## TASK TO COMPLETE
Would you transcribe the whole listing exactly, minus its pictures?

## DATASET CONTENT

* * * *

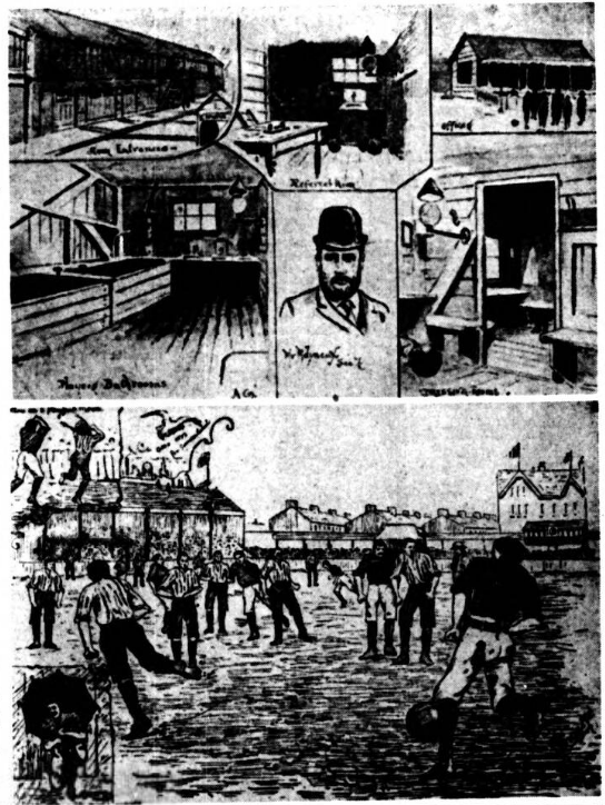 “Behold Goodison Park. The half-dozen pictures we give of this splendid enclosure must serve instead of a long description of it. In any case to substitute pictures for words is our mission in journalistic life. At the same time no single picture could take in the entire scene the ground presents; it so magnificently large, for it rivals the greater American baseball pitches. On three sides of the field of play there are tall covered stands and on the fourth side the ground has been so banked up with thousands of loads of cinders that a complete view of the game can be had from any portion. “The spectators are divided from the playing piece by a neat, low boarding and the touch-line is far enough from it to prevent those accidents which used to be predicted at Anfield Road, but never happened. In the centre of the banked-up portion, but set against the walling of the ground is the secretary’s office where Mr. Molyneux can sit ether to write out cheques in his easy chair or keep his eye on the uttermost extent of his vast dominions. The chairman (Mr. George Mahon) when play 1s on is accommodated exactly opposite and under his seat which is in the centre of the large stand, is a door leading to a passage and this is the handy way the players and referee in when the game is over, and at all events the latter personage can bid defiance to the angriest crowd. This is superfluous however, as Goodison Park spectators never throw missiles at the referee, for there is no better disposed crowd in the kingdom.
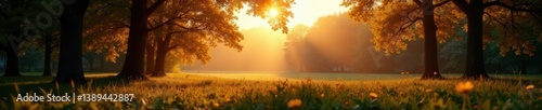 Panorama with sunlight peeking through the trees , nature, foliage
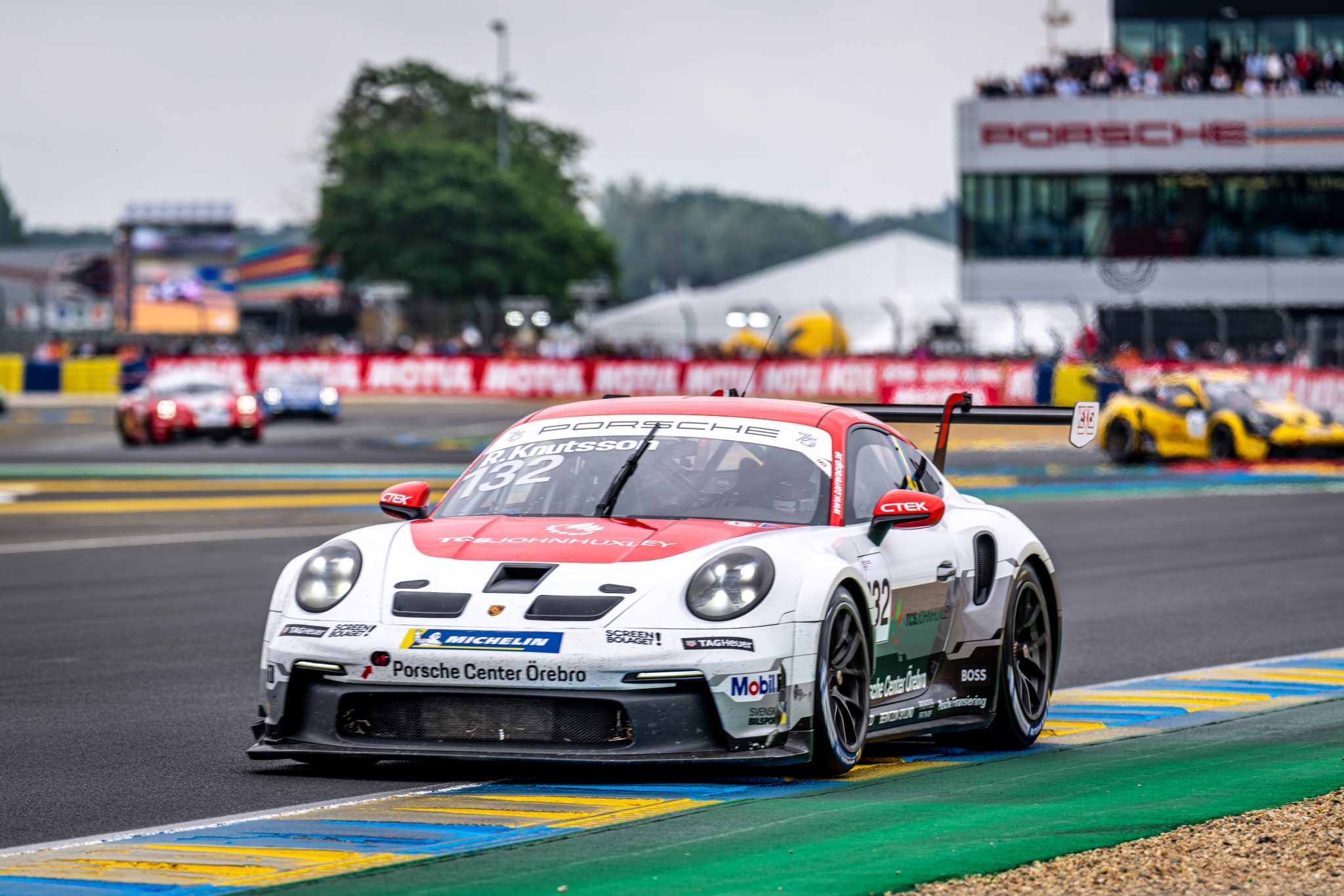 Porsche Carrera Cup Le Mans, arrangerat i samarbete mellan det skandinaviska och franska Carrera Cup-mästerskapet, värmde som sista klass inför starten i Le Mans 24H, upp närmare 350.000 åskådare. Publiken runt 13,6 km långa Circuit de la Sarthe bjöds på underhållning av högsta klass. Speciellt avslutningen på racet var dramatiskt då rutinerade Pereira, regerande mästare i Porsche Mobil 1 Supercup, fredade sig mot attacker från segersugne fransmannen Marvin Klein.

* * * *

## TASK ANSWER
 “Behold Goodison Park. The half-dozen pictures we give of this splendid enclosure must serve instead of a long description of it. In any case to substitute pictures for words is our mission in journalistic life. At the same time no single picture could take in the entire scene the ground presents; it so magnificently large, for it rivals the greater American baseball pitches. On three sides of the field of play there are tall covered stands and on the fourth side the ground has been so banked up with thousands of loads of cinders that a complete view of the game can be had from any portion. “The spectators are divided from the playing piece by a neat, low boarding and the touch-line is far enough from it to prevent those accidents which used to be predicted at Anfield Road, but never happened. In the centre of the banked-up portion, but set against the walling of the ground is the secretary’s office where Mr. Molyneux can sit ether to write out cheques in his easy chair or keep his eye on the uttermost extent of his vast dominions. The chairman (Mr. George Mahon) when play 1s on is accommodated exactly opposite and under his seat which is in the centre of the large stand, is a door leading to a passage and this is the handy way the players and referee in when the game is over, and at all events the latter personage can bid defiance to the angriest crowd. This is superfluous however, as Goodison Park spectators never throw missiles at the referee, for there is no better disposed crowd in the kingdom.
 Panorama with sunlight peeking through the trees , nature, foliage
 Porsche Carrera Cup Le Mans, arrangerat i samarbete mellan det skandinaviska och franska Carrera Cup-mästerskapet, värmde som sista klass inför starten i Le Mans 24H, upp närmare 350.000 åskådare. Publiken runt 13,6 km långa Circuit de la Sarthe bjöds på underhållning av högsta klass. Speciellt avslutningen på racet var dramatiskt då rutinerade Pereira, regerande mästare i Porsche Mobil 1 Supercup, fredade sig mot attacker från segersugne fransmannen Marvin Klein.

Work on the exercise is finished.